If my work is about post harvest storage, and managing temperatures and air flow in sugar beet clamps, Computational Fluid Dynamics (CFD) might just be the secret sauce. In the course I took, CFD was defined in the first lecture as: “approximate solution of governing equations using numerical techniques“. Looking back at the end of the course, this is a really good definition, but also one that wouldn’t mean much to an outsider. So put another way, CFD is the method engineers use to model systems that have gases and liquids – i.e. fluids – flowing through them, so as to understand how velocity, pressure, temperature, etc behaves within the system. They are models (so only approximate) based on mechanisms defined by laws of physics (the governing equations) using the simplified versions of these governing equations (numerical techniques).
Getting to know these methods (it’s really a compilation of many methods) has meant going back to some physics and mathematical concepts I thought were well in my past. It’s been hard work, but it has been so rewarding.

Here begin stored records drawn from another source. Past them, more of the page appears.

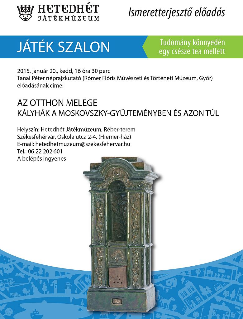 Január 20-án, kedden ismét várnak minden érdeklődőt a Játékszalon nevű rendezvényre a Hetedhét Játékmúzeumban (Oskola utca 2-4.). A délután 16.30-kor kezdőd eseményen Tanai Péter néprajzkutató tart előadást Az otthon melege – kályhák a Moskovszky- Gyűjteményben és azon túl címmel. Az előadásra ingyenes lesz a belépés.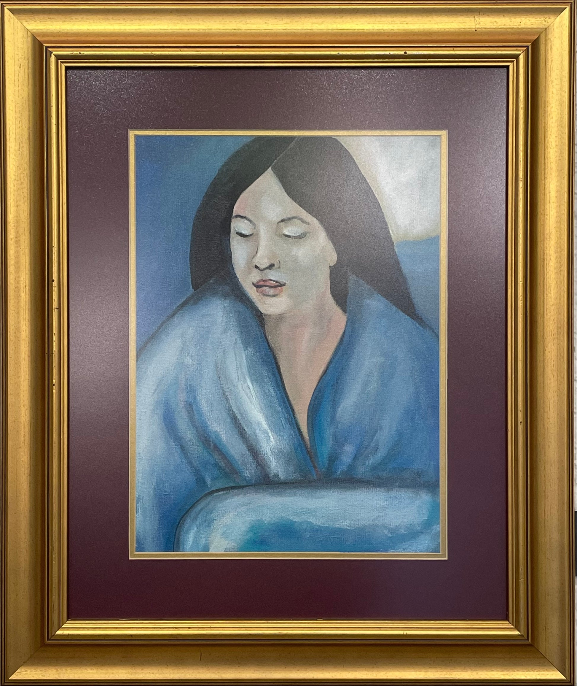 Experience a moment of peaceful tranquility with Serenity - an exquisite oil painting created by Henny Luus. This breathtaking portrait of a woman draped in blue evokes a sense of serenity and grace, making it the perfect addition to any art collection. Bring a touch of elegance and tranquility into your home with Serenity.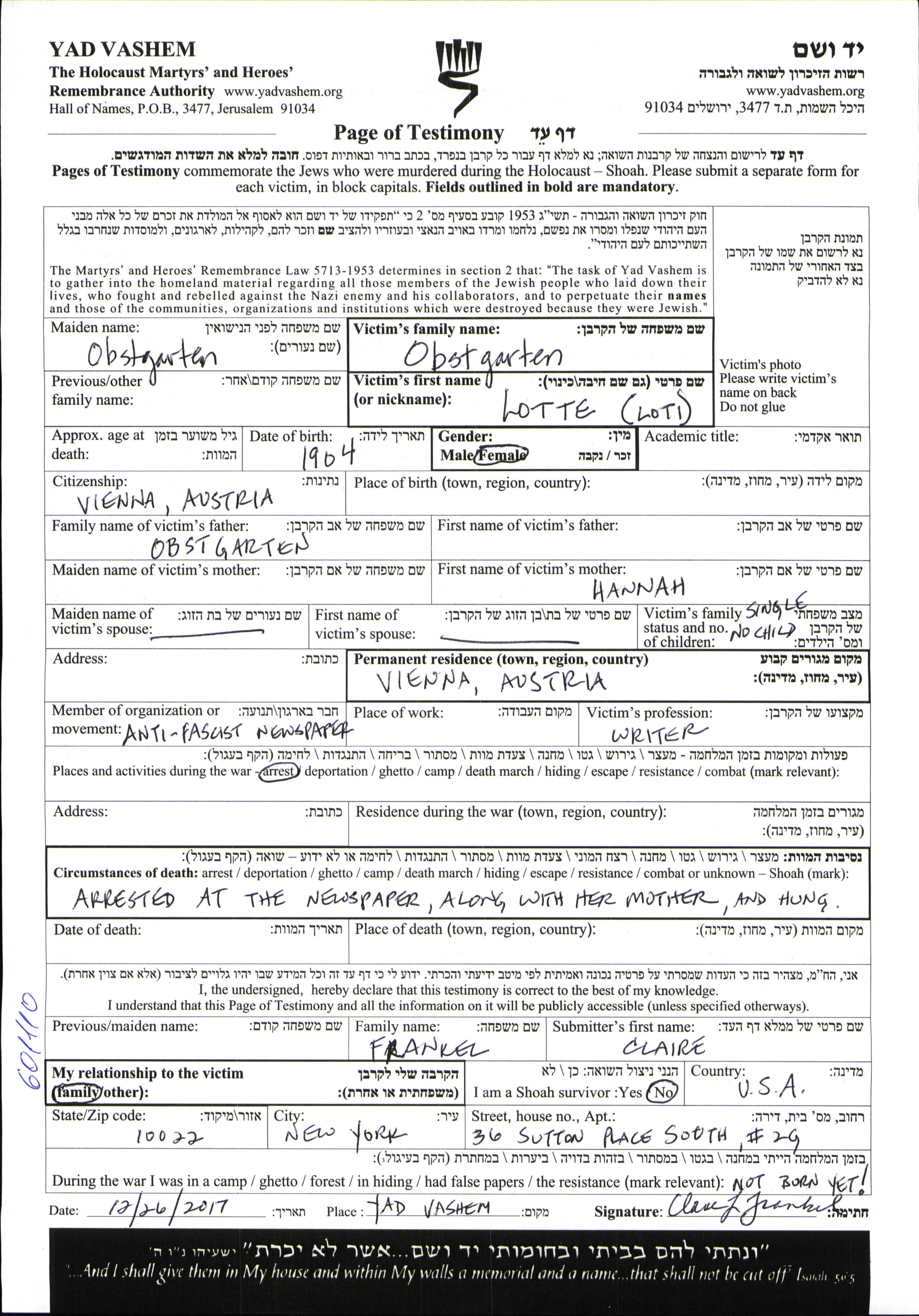 Lotte Obstgarten est née en 1904, fille de Hannah. Elle était Journaliste et Célibataire. Avant la seconde guerre mondiale elle vivait à Vienna, Autriche.

The below is an analysis I did in about 30 minutes purely for the purposes of showing the people I talk with about CFD how it can be used. What you’re looking at is a sugar beet clamp of 9m width, 3m height, being subjected to a 5m/s wind. Well, you’re actually seeing the air space 15m to the left, 25m to the right, and 15m above the ground a clamp is sitting on. The wind is blowing left to right, with the green area showing wind at 5m/s. The clamp clearly acts as a wind-break: the blue behind the clamp is wind at around 1m/s. The red area is wind of around 8m/s, so the clamp also causes an area of increased wind velocity. This all feels like it’s inline with expectations…